* **Task statement**
Word for word, print out all of the data, omitting every image.

* **Record set**
- - - - - - -

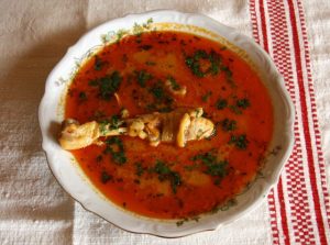 Hozzávalók: 1 db fiatal csirke darabolva, 1 vöröshagyma, 1 paprika, 1 paradicsom, 1 nagyobb sárgarépa, 1 petrezselyemgyökér, fél zeller, 1 csokor zellerzöld, 1 evőkanál őrölt paprika, 2 teáskanál só, 1 teáskanál őrölt feketebors, 5 dkg zsír, 2 babérlevél, 1 csokor petrezselyemzöld, 2 dl tejföl, 1 teáskanál liszt. Csipetkéhez: 1 tojás, csipetnyi só, liszt.
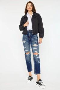 Update your denim collection with these high rise distressed mom fit jeans. The distressed detailing adds a touch of edge and personality to the classic mom jean style. The high rise design provides a flattering and comfortable fit that cinches at the waist. Pair them with a cropped top and sneakers for a casual-cool look, or dress them up with a blouse and heels for a trendy and chic outfit.
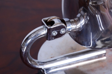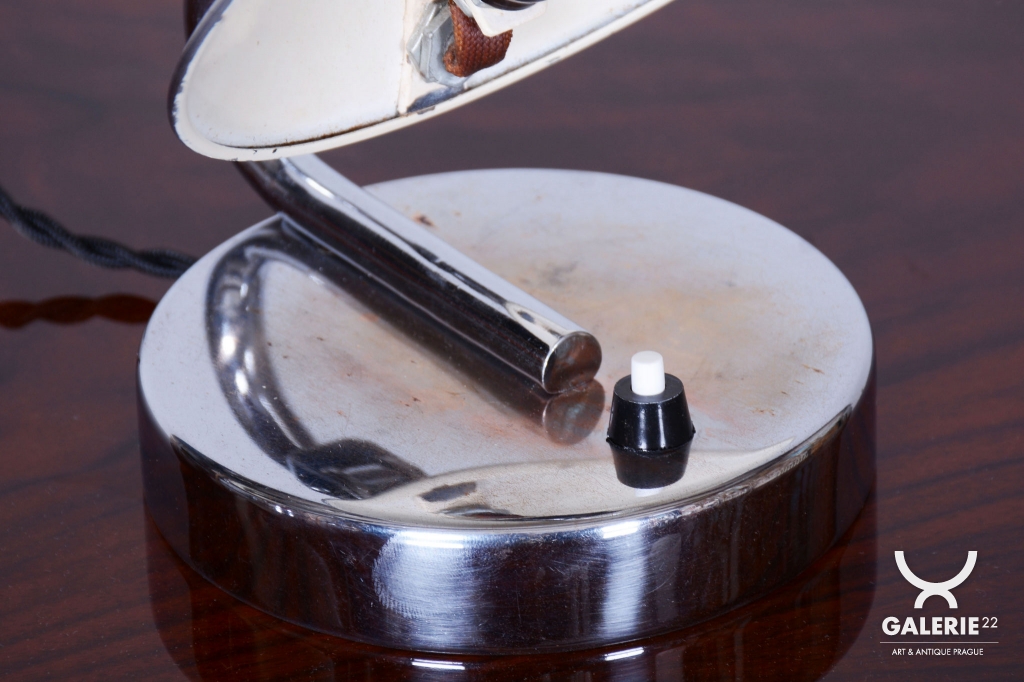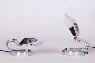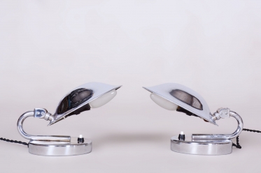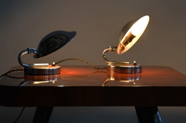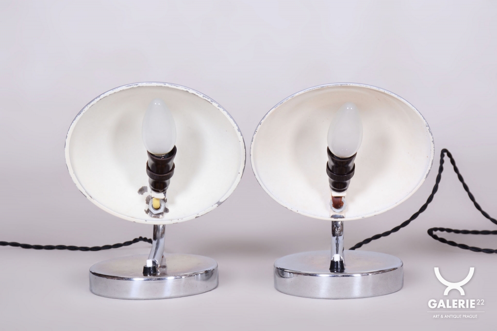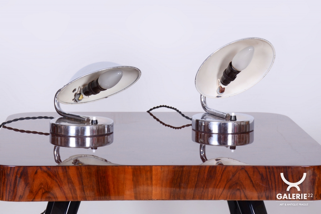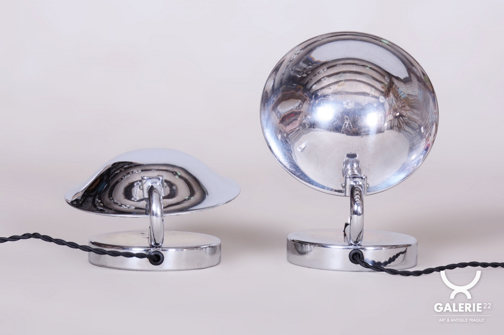 Tento pár stolních lampiček je vynikajícím příkladem progresivního československého designu počátku 20. století. Svítidla byla vyrobena renomovaným pražským podnikem Napako a svou estetikou stojí na pomezí dekorativního Art Deca a nastupujícího funkcionálního hnutí Bauhaus. Tato kombinace se projevuje v elegantních, ale přísně účelných liniích. Základem je konstrukce z chromované oceli, která byla v rámci restaurování profesionálně vyčištěna do zrcadlového lesku.
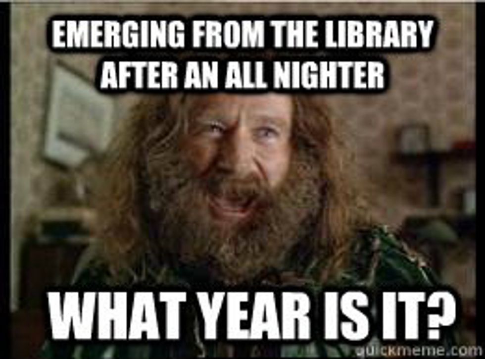 These individuals are easy to spot. Common characteristics include: bags under the eyes, sweatpants, empty cans of energy drinks sprawled out around them, and coffee-- lots of coffee.
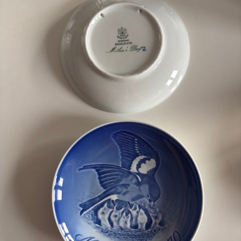 Porcelænstallerken med en diameter på 15 cm, der har en bemærkelsesværdig blå inderside med et dekorativt mønster. På ydersiden af tallerkenen står der trykt 'Mors Dag 1977', hvilket antyder, at det er en samlerobjekt eller en speciel udgave. Bagsiden af tallerkenen har et stempel, der viser 'B&G' og kan indikere, at det er en Bing & Grøndahl porcelænstallerken. Der er også en lille metaltråd bagpå, som gør det muligt at hænge tallerkenen som dekoration. Tags: porcelæn, samlerobjekt, dekoration, morsdag.
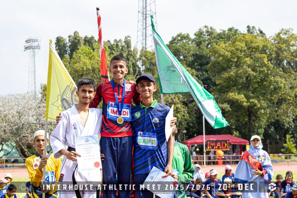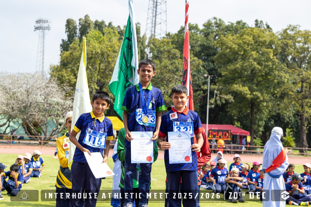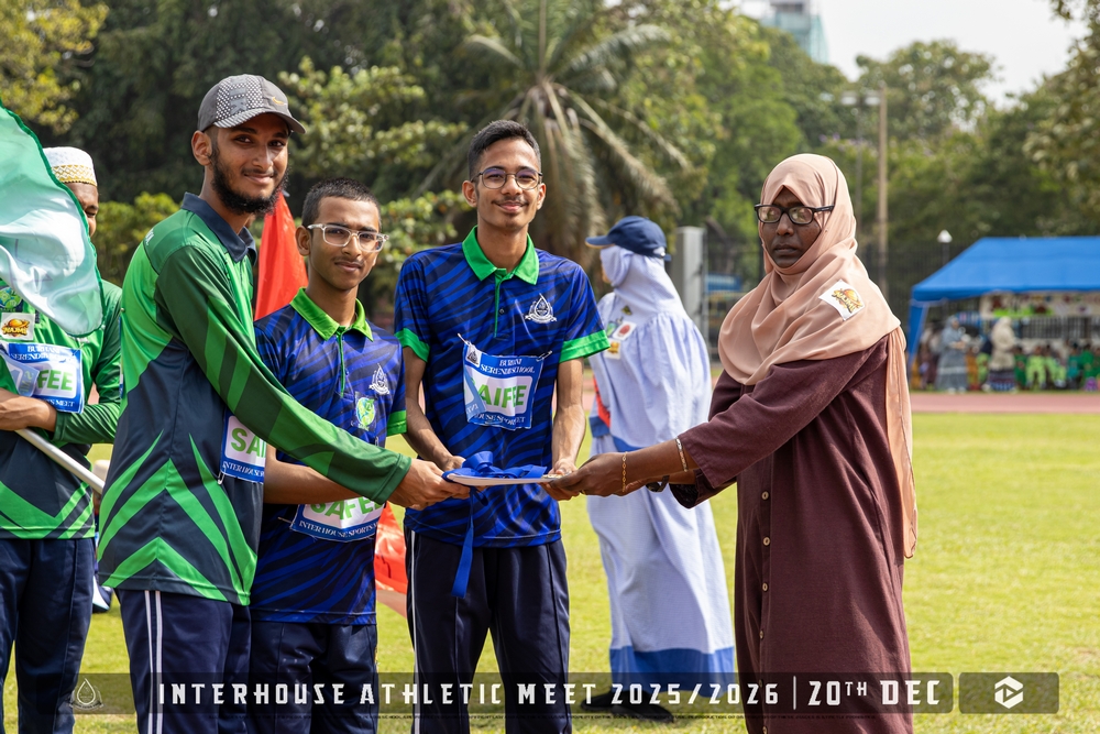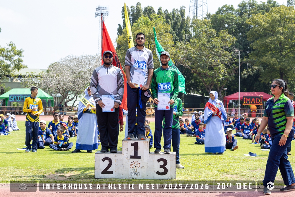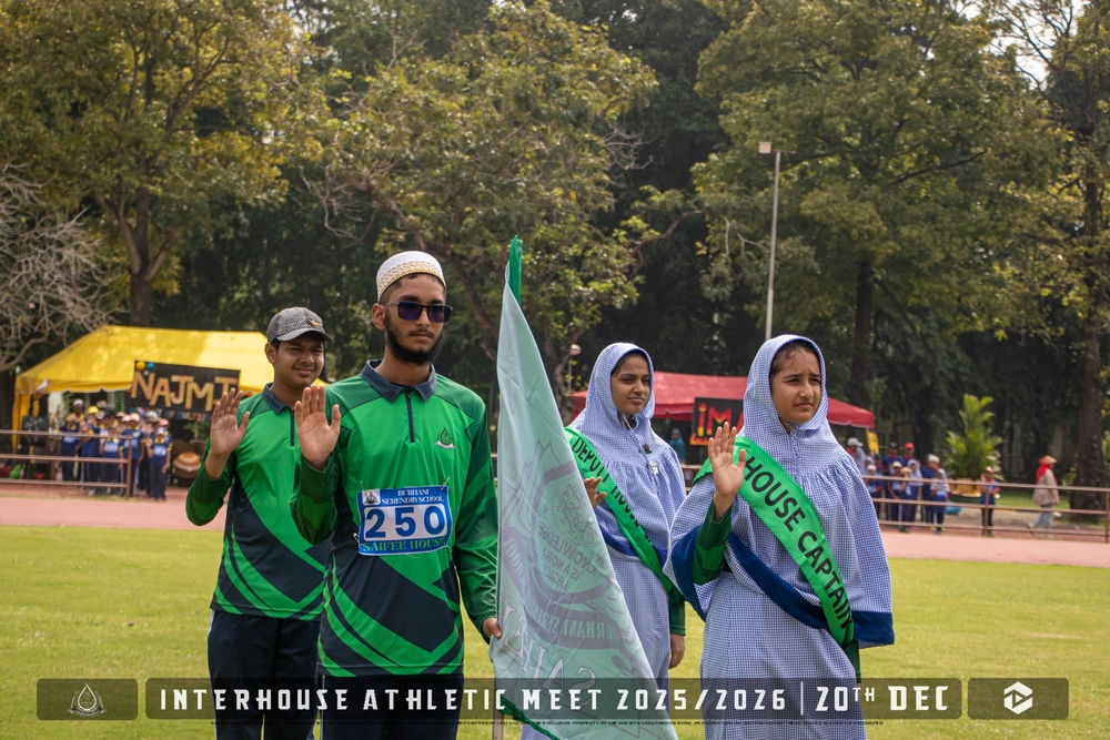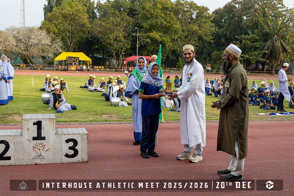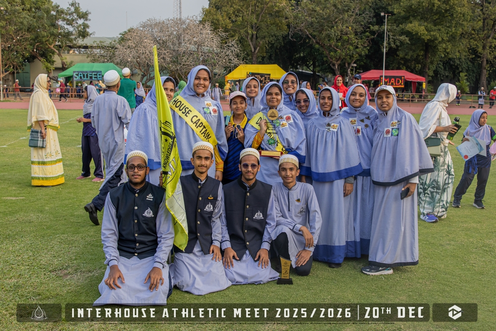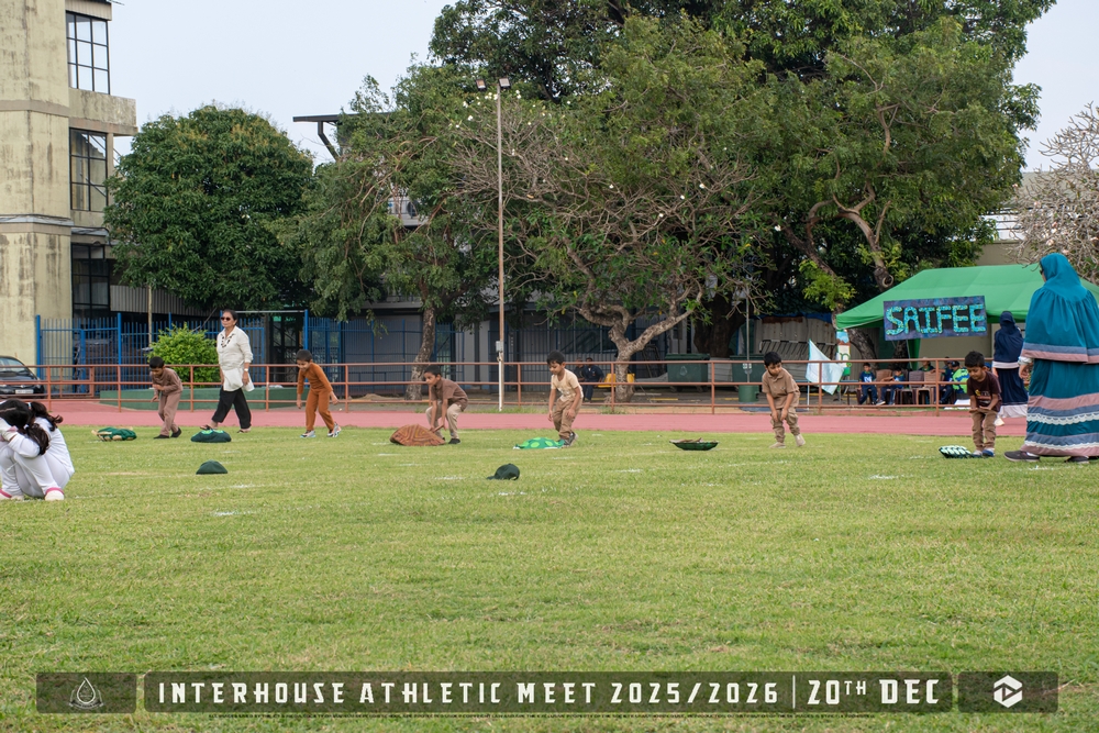 The meet concluded with SAIFEE House securing First Place, followed by IMADI House in Second Place. NAJMI House finished in Third Place, displaying determination, resilience and commendable sportsmanship. Congratulations to all participants for making the Interhouse Athletic Meet 2025/26 a successful and memorable event.

- - - - - - -

* **Task result**
 Hozzávalók: 1 db fiatal csirke darabolva, 1 vöröshagyma, 1 paprika, 1 paradicsom, 1 nagyobb sárgarépa, 1 petrezselyemgyökér, fél zeller, 1 csokor zellerzöld, 1 evőkanál őrölt paprika, 2 teáskanál só, 1 teáskanál őrölt feketebors, 5 dkg zsír, 2 babérlevél, 1 csokor petrezselyemzöld, 2 dl tejföl, 1 teáskanál liszt. Csipetkéhez: 1 tojás, csipetnyi só, liszt.
 Update your denim collection with these high rise distressed mom fit jeans. The distressed detailing adds a touch of edge and personality to the classic mom jean style. The high rise design provides a flattering and comfortable fit that cinches at the waist. Pair them with a cropped top and sneakers for a casual-cool look, or dress them up with a blouse and heels for a trendy and chic outfit.
 Tento pár stolních lampiček je vynikajícím příkladem progresivního československého designu počátku 20. století. Svítidla byla vyrobena renomovaným pražským podnikem Napako a svou estetikou stojí na pomezí dekorativního Art Deca a nastupujícího funkcionálního hnutí Bauhaus. Tato kombinace se projevuje v elegantních, ale přísně účelných liniích. Základem je konstrukce z chromované oceli, která byla v rámci restaurování profesionálně vyčištěna do zrcadlového lesku.
 These individuals are easy to spot. Common characteristics include: bags under the eyes, sweatpants, empty cans of energy drinks sprawled out around them, and coffee-- lots of coffee.
 Porcelænstallerken med en diameter på 15 cm, der har en bemærkelsesværdig blå inderside med et dekorativt mønster. På ydersiden af tallerkenen står der trykt 'Mors Dag 1977', hvilket antyder, at det er en samlerobjekt eller en speciel udgave. Bagsiden af tallerkenen har et stempel, der viser 'B&G' og kan indikere, at det er en Bing & Grøndahl porcelænstallerken. Der er også en lille metaltråd bagpå, som gør det muligt at hænge tallerkenen som dekoration. Tags: porcelæn, samlerobjekt, dekoration, morsdag.
 The meet concluded with SAIFEE House securing First Place, followed by IMADI House in Second Place. NAJMI House finished in Third Place, displaying determination, resilience and commendable sportsmanship. Congratulations to all participants for making the Interhouse Athletic Meet 2025/26 a successful and memorable event.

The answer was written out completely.